Should fix #9036, #8441

Checks

@AmplabJenkins
Copy link
Copy Markdown

Can one of the admins verify this patch?

@AmplabJenkins
Copy link
Copy Markdown

Test FAILed.
Refer to this link for build results (access rights to CI server needed):
https://amplab.cs.berkeley.edu/jenkins//job/Ray-PRB/28329/
Test FAILed.

@richardliaw
Copy link
Copy Markdown
Contributor

@krfricke can you add a test?

@richardliaw richardliaw self-assigned this Jul 14, 2020
@krfricke
Copy link
Copy Markdown
Contributor Author

krfricke commented Jul 15, 2020

I just created a test and got some more insights in the problem.
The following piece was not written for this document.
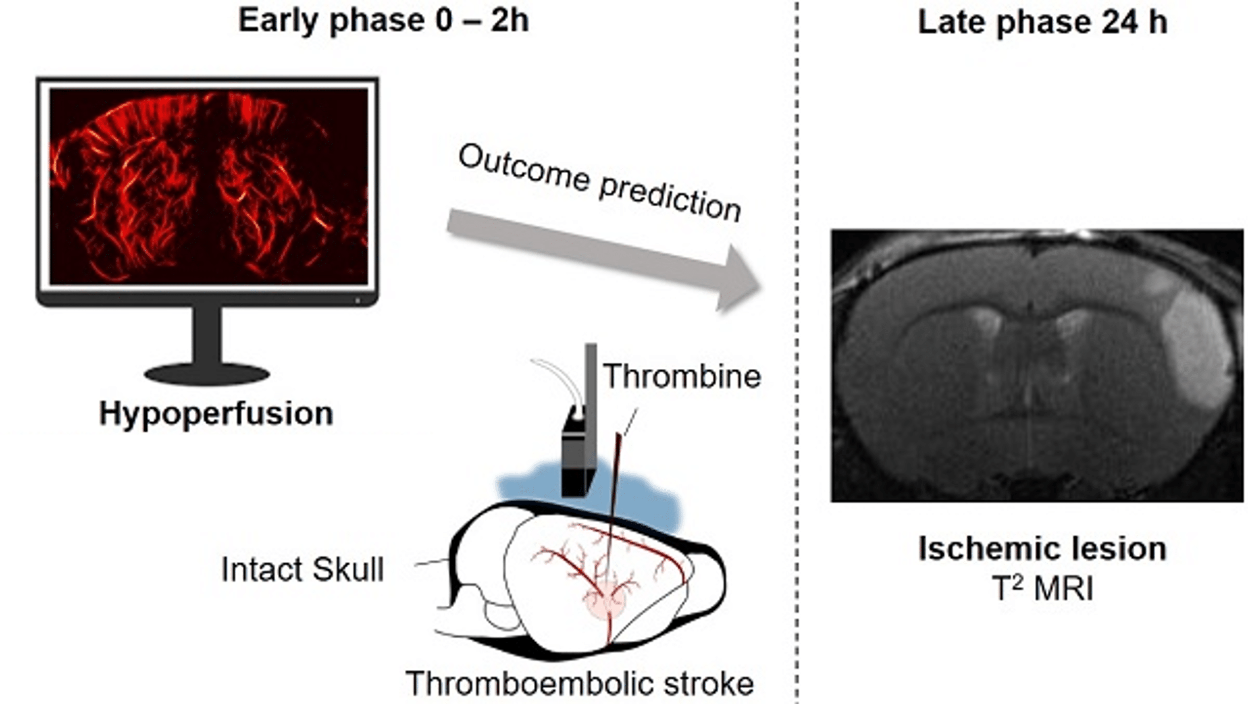 The later study shown in the figure provides a proof-of-concept for the additional resolution possible by using fUS with Ultrasound Localization Microscopy. In this collaboration between PhysMed and the team of Professor Denis Vivien at Normandy University, it was found that imaging of cerebral perfusion correlates with ischemic stroke outcomes and responses to treatment in mice.

Basically the checkpoint manager bookkeeping was broken. Checkpoints that should never be kept (because of bad performance) remained in CheckpointManager.newest_persistent_checkpoint. This was the main problem leading to the errors in the issues.

Setting the newest_persistent_checkpoint to None helps with this, but misses the point that there often actually are persistent checkpoints available. Thus, with the latest commit, we either restore the old checkpoint if the new checkpoint is not stored, or alternatively loop through the _best_checkpoint to find the latest one (e.g. if the last checkpoint got deleted and the next one also gets deleted).

Lastly, the alteration in pbt.py where we load the best checkpoint from storage if a memory checkpoint is not available does not directly affect this problem, and we should discuss if we want this behavior or if we should exclude it for now. In my opinion, it is justified. It only occurs when a trial A was not in the top quantile when it reported its last result, but moves to the top quantile after another trial B performed worse. Then yet another trial C tries to exploit trial A, but cannot load the checkpoint as it has been unset. In this case, trial C will then load the latest persistent checkpoint from trial A.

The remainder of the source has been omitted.